A few weeks ago I was walking down a street on my way to the gym wearing a pair of patterned leggings and a large hooded jacket. I passed a man who I would guess was roughly the same age as me whom I had never seen before. Upon seeing me he made a comment about my “nice” pants and then, as I had just passed him, I heard him mutter about my bum being “nice” too.
This is not the first time that a complete stranger has felt it is appropriate to comment on my body nor will it be the last. I imagine that, at some point in her life, every single woman out there has received unwanted comments about her body from a random guy who thought it was okay to make them.
I receive these comments with a mixture of feelings. They annoy me because the men who make them have no right to do so. They frustrate me because the same men do not seem to understand why they don’t have this right. They bore me because I’m regularly told the same things about my own body and, quite frankly, I am sick of it.
Most of the time I ignore these sleazy remarks but that day I decided to bite.
I turned around with a big fake smile on my face and, as innocently as I could, said “Oh, I’m sorry I missed that. What did you say?” This guy who had no problem whatsoever sexualising me 10 seconds beforehand turned bright red and stuttered that it did not matter. Now, I knew exactly what he said but I wanted to see if he would actually say it to my face rather than under his breath. I asked the douche again what he had said and after a little bit of coaxing on my part he admitted he had said “nice arse to go with them” (meaning my gym pants).
“Do you really think that’s an appropriate thing to say to a woman that you don’t know?” I asked him with my sickeningly sweet smile still plastered across my face. As I expected, he had no idea how to respond to this question and instead let out a stream of incoherent stuttering that he hoped would count as a sufficient explanation. It didn’t.

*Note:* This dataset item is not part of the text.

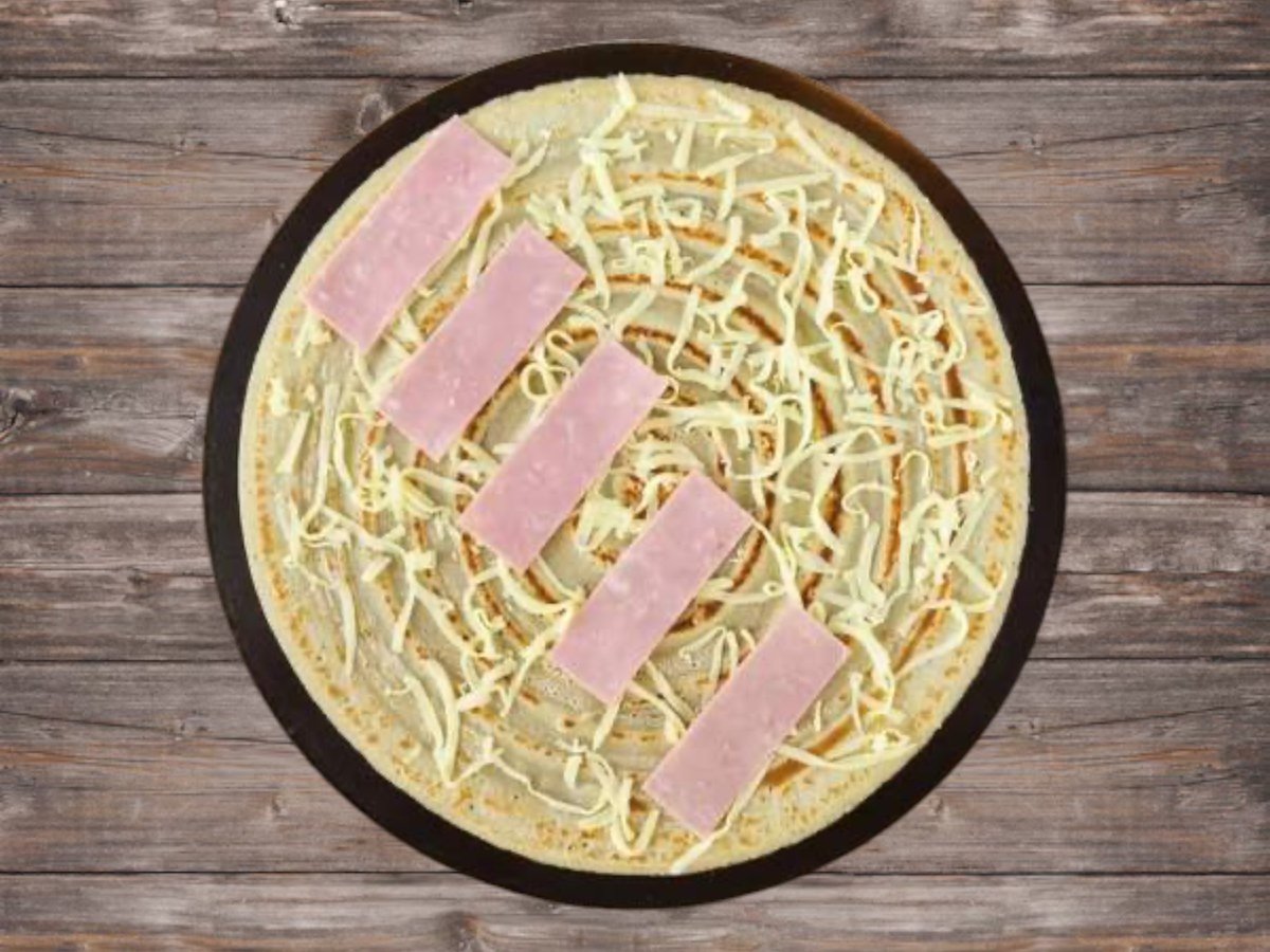 Палачинка с шунка, сирене, топено сирене и домати

There and then I decided I would take one for the girls everywhere sick of men objectifying them. As it happened I was planning on running a few errands after the gym, however, after seeing which direction this guy was heading in I decided I would rearrange my plan for the day and do the errands first, resulting in me heading in the same direction as this guy.

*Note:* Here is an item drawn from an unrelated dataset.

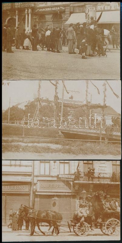 Leírás: 1919 Kassa a Tanácsköztársaság idején, 3 db fotó, hátuljukon feliratozva, 5,5×8 cm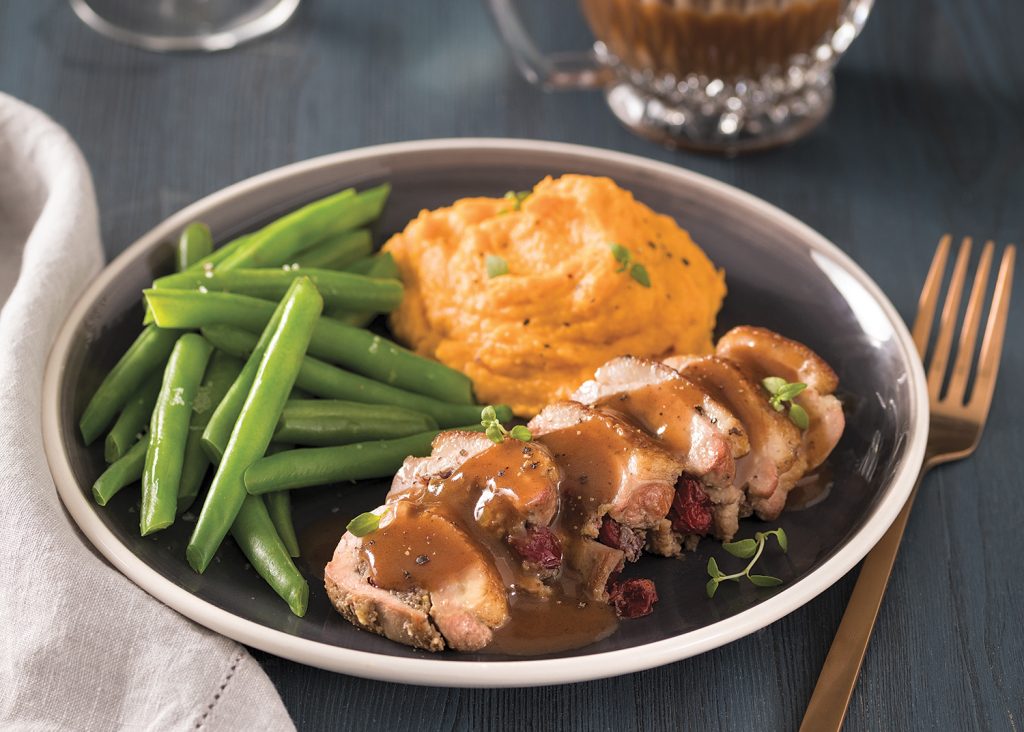 Ajouter la chapelure et les canneberges. Saler, poivrer et remuer. Retirer du feu et laisser tiédir.

I followed him. I trailed closely after him for a good 10 minutes all the while telling him why it is not appropriate for men to treat women like they are slabs of meat, however, if there was a brain in that head of his then it did not take this information in. In fact, I think he was probably too preoccupied with increasing his pace in a bid to get away from the crazy girl wittering about sexual equality to let what I was saying actually sink in.
My actions did not achieve anything but I certainly enjoyed watching him cringe. All I can hope is that in future, when he is about to make an unwanted comment to a woman he does not know, he will remember what happened last time and the fear of encountering another crazy bitch will deter him from doing so.